THE PROBLEM: Please repeat the entire listing verbatim and keep the pictures out.

***** DATASET EXTRACT

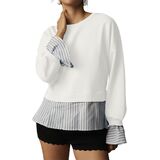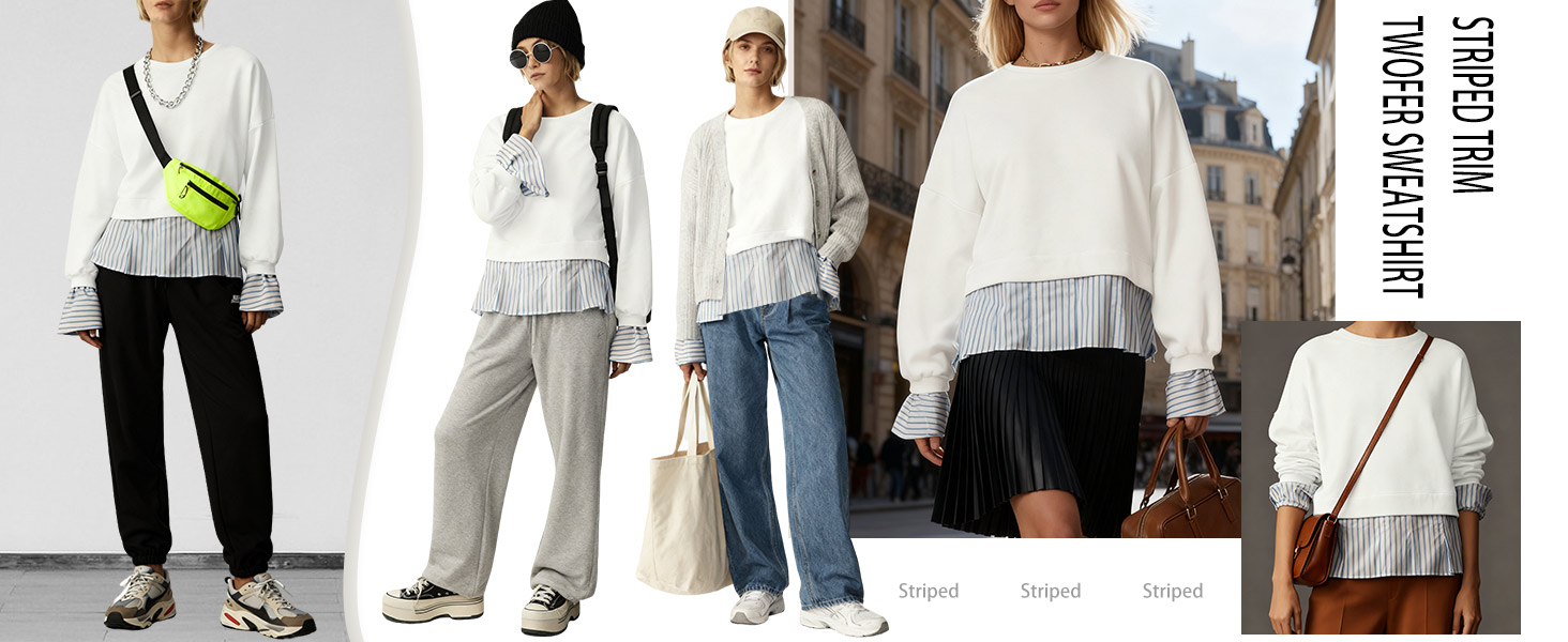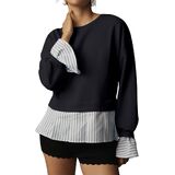 Material:This striped trim patchwork sweatshirt is made of 55% Cotton, 40% Polyester, 5% Nylon; 58% Polyester, 42% Cotton trim,comfortable, durable, and soft to wear in spring,fall and winter.
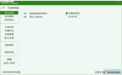 确定你处于“选项/特性”菜单中,开启该功能,填入面补ID,点击”自创球员 外观“,进入以后可以看到效果,退出保存。很重要 保存完毕后,关闭修改器的这个功能。
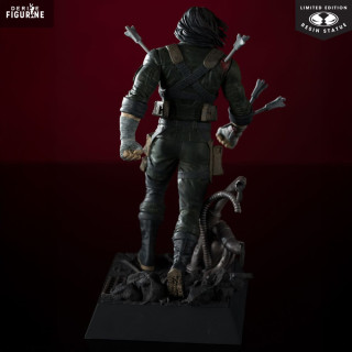 This Limited Edition resin design captures a moment of his struggle: clad in worn olive fatigues, a tactical vest laden with pouches, and bloodstained bandages, he stands atop a base studded with metallic tentacles. Four arrows lodged in his torso and arm testify to his unbreakable resilience. His stubbled beard, tangled hair, and steely gaze perfectly reflect his indomitable spirit.
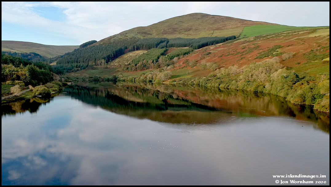 Carraghan reflected in a very calm Injebreck Reservoir.

**********

OUTPUT FOR THIS TASK:
 Material:This striped trim patchwork sweatshirt is made of 55% Cotton, 40% Polyester, 5% Nylon; 58% Polyester, 42% Cotton trim,comfortable, durable, and soft to wear in spring,fall and winter.
 确定你处于“选项/特性”菜单中,开启该功能,填入面补ID,点击”自创球员 外观“,进入以后可以看到效果,退出保存。很重要 保存完毕后,关闭修改器的这个功能。
 This Limited Edition resin design captures a moment of his struggle: clad in worn olive fatigues, a tactical vest laden with pouches, and bloodstained bandages, he stands atop a base studded with metallic tentacles. Four arrows lodged in his torso and arm testify to his unbreakable resilience. His stubbled beard, tangled hair, and steely gaze perfectly reflect his indomitable spirit.
 Carraghan reflected in a very calm Injebreck Reservoir.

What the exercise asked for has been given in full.